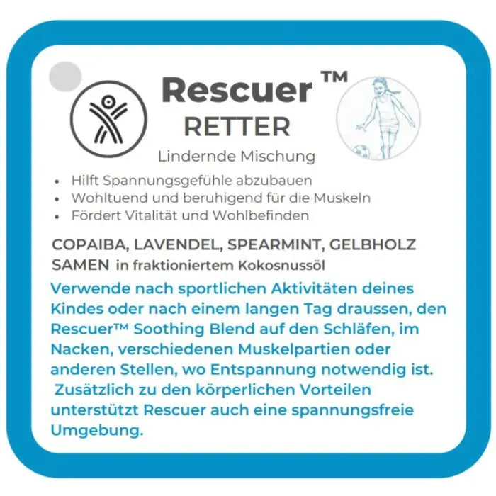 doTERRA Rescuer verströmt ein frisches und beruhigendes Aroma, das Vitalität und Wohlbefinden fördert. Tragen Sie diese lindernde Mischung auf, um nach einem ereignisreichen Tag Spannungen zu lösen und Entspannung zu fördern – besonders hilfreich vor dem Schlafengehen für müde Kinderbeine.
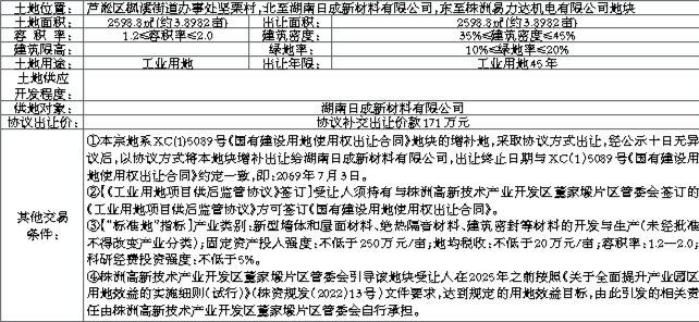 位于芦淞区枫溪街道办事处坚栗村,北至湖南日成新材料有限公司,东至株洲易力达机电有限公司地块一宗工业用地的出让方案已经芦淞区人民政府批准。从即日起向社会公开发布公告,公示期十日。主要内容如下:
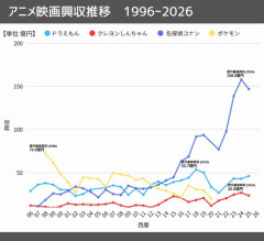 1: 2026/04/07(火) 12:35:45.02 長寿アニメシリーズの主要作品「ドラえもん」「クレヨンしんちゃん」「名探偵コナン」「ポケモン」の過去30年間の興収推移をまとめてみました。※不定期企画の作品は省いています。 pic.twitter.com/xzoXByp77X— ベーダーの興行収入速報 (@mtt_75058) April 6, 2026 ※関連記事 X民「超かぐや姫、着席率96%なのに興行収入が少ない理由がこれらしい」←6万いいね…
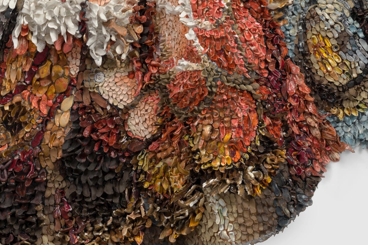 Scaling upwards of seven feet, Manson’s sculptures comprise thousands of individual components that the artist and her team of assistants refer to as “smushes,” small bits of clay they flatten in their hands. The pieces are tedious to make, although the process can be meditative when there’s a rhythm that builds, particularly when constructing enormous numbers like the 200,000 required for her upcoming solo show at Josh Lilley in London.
..............................
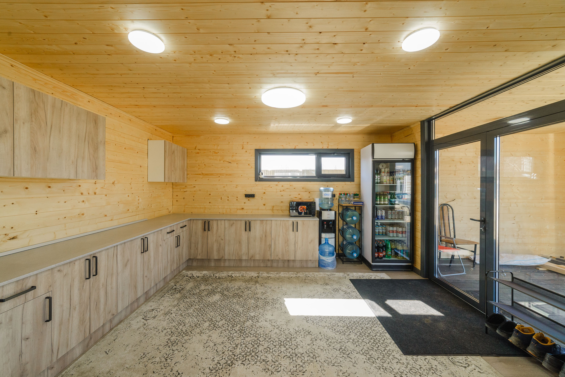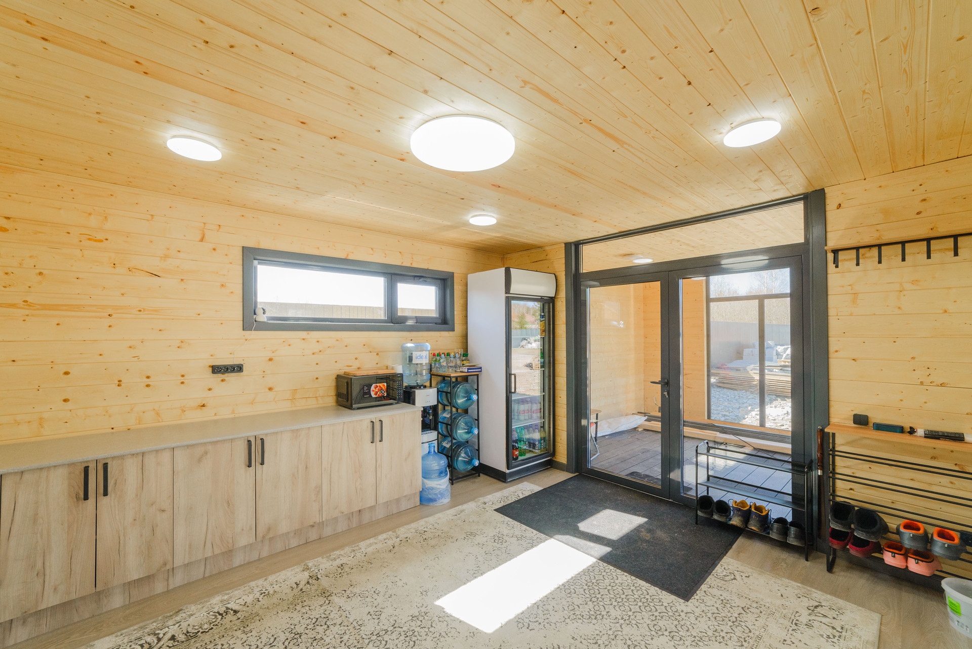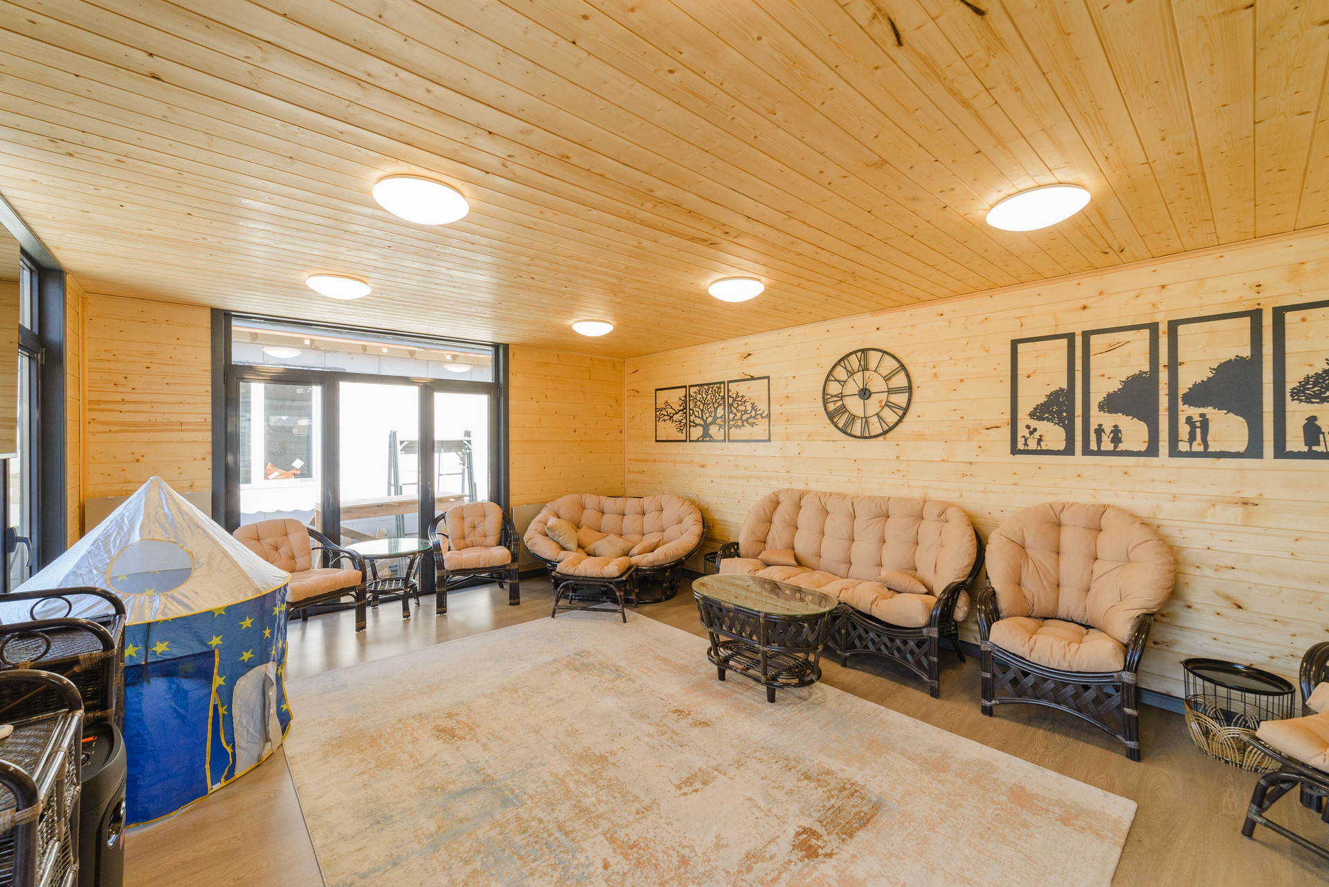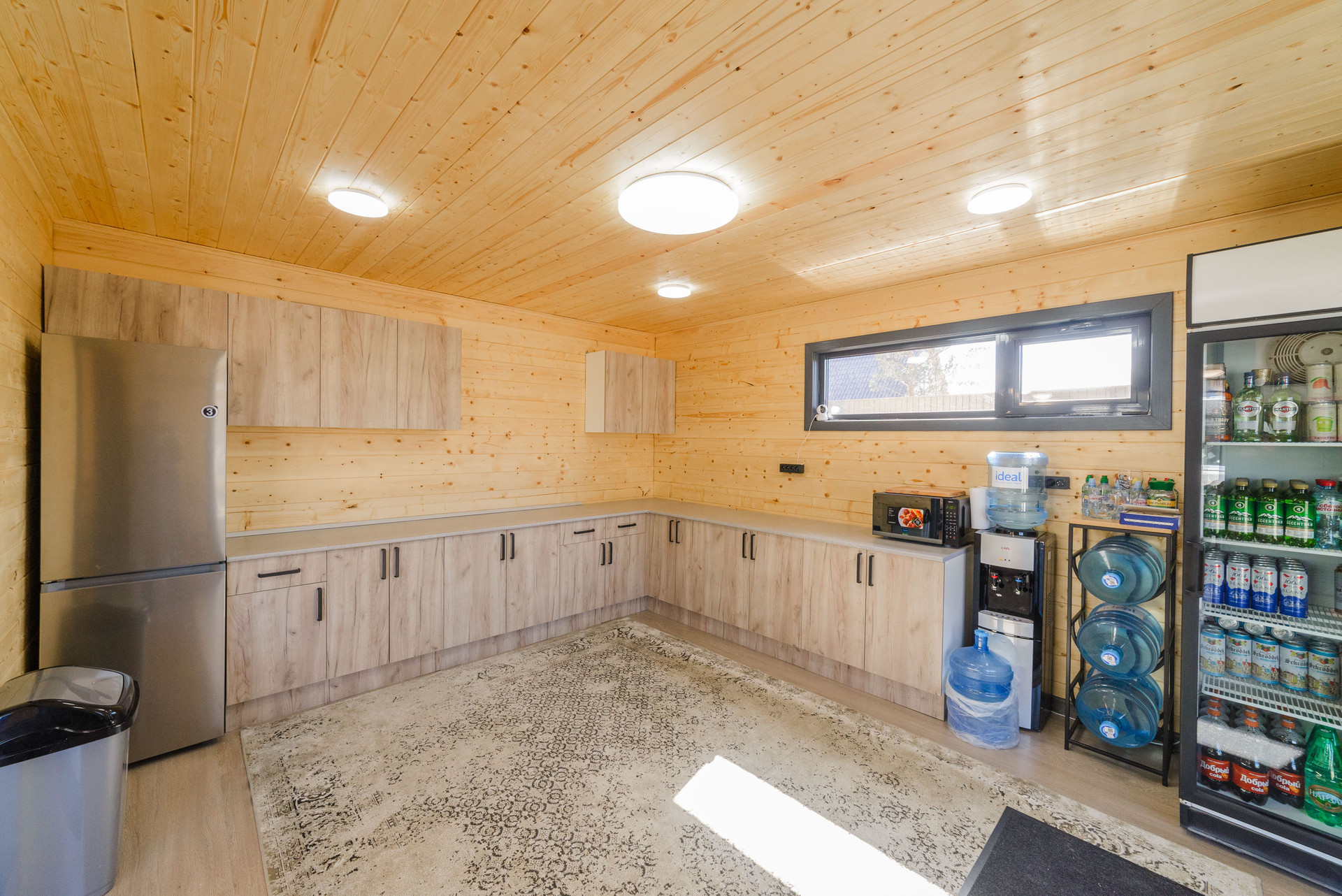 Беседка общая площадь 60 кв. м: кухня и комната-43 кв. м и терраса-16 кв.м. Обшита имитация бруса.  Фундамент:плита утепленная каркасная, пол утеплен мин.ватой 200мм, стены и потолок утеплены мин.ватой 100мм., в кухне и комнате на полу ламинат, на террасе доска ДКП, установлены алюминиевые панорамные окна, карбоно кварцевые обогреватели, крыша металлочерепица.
..............................
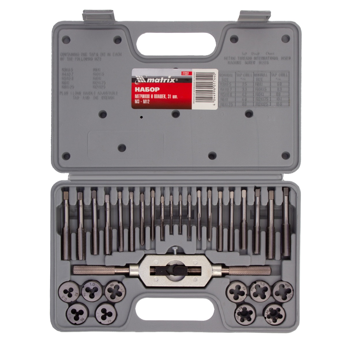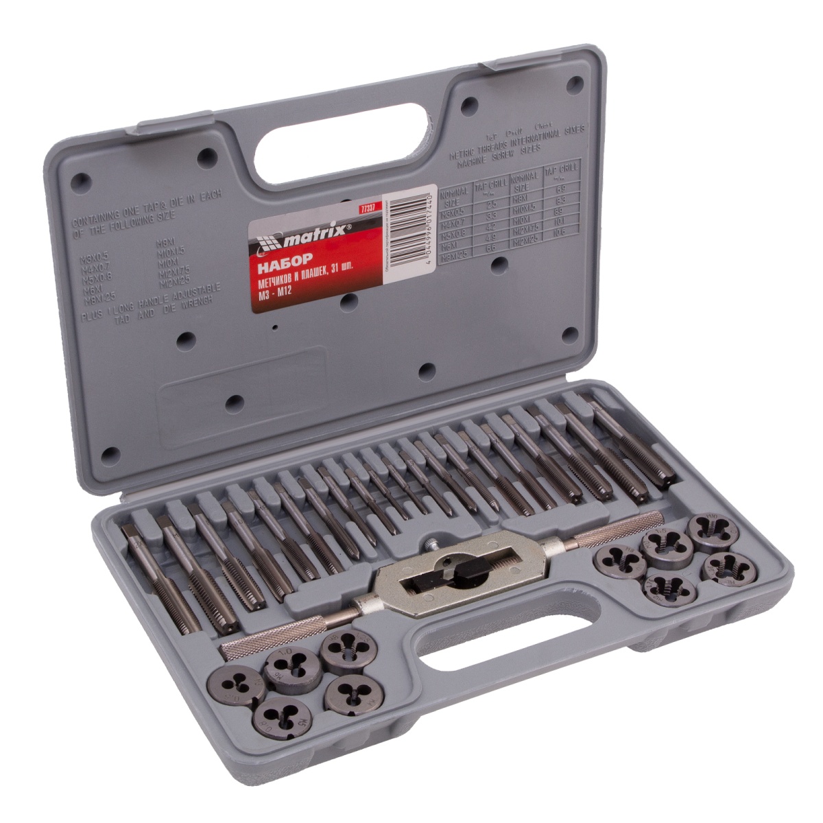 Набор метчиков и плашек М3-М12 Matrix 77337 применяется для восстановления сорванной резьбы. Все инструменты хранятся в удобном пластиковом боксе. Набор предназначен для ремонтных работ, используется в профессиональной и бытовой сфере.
..............................
▶ _TASK INSTRUCTIONS_: Starting at the line above that contains "位于芦淞区枫溪街道办事处坚栗", transcribe every line exactly through the line that contains "Scaling upwards of", including that last one, and skip the pictures.

▶ _WRITTEN RESPONSE_:
 位于芦淞区枫溪街道办事处坚栗村,北至湖南日成新材料有限公司,东至株洲易力达机电有限公司地块一宗工业用地的出让方案已经芦淞区人民政府批准。从即日起向社会公开发布公告,公示期十日。主要内容如下:
 1: 2026/04/07(火) 12:35:45.02 長寿アニメシリーズの主要作品「ドラえもん」「クレヨンしんちゃん」「名探偵コナン」「ポケモン」の過去30年間の興収推移をまとめてみました。※不定期企画の作品は省いています。 pic.twitter.com/xzoXByp77X— ベーダーの興行収入速報 (@mtt_75058) April 6, 2026 ※関連記事 X民「超かぐや姫、着席率96%なのに興行収入が少ない理由がこれらしい」←6万いいね…
 Scaling upwards of seven feet, Manson’s sculptures comprise thousands of individual components that the artist and her team of assistants refer to as “smushes,” small bits of clay they flatten in their hands. The pieces are tedious to make, although the process can be meditative when there’s a rhythm that builds, particularly when constructing enormous numbers like the 200,000 required for her upcoming solo show at Josh Lilley in London.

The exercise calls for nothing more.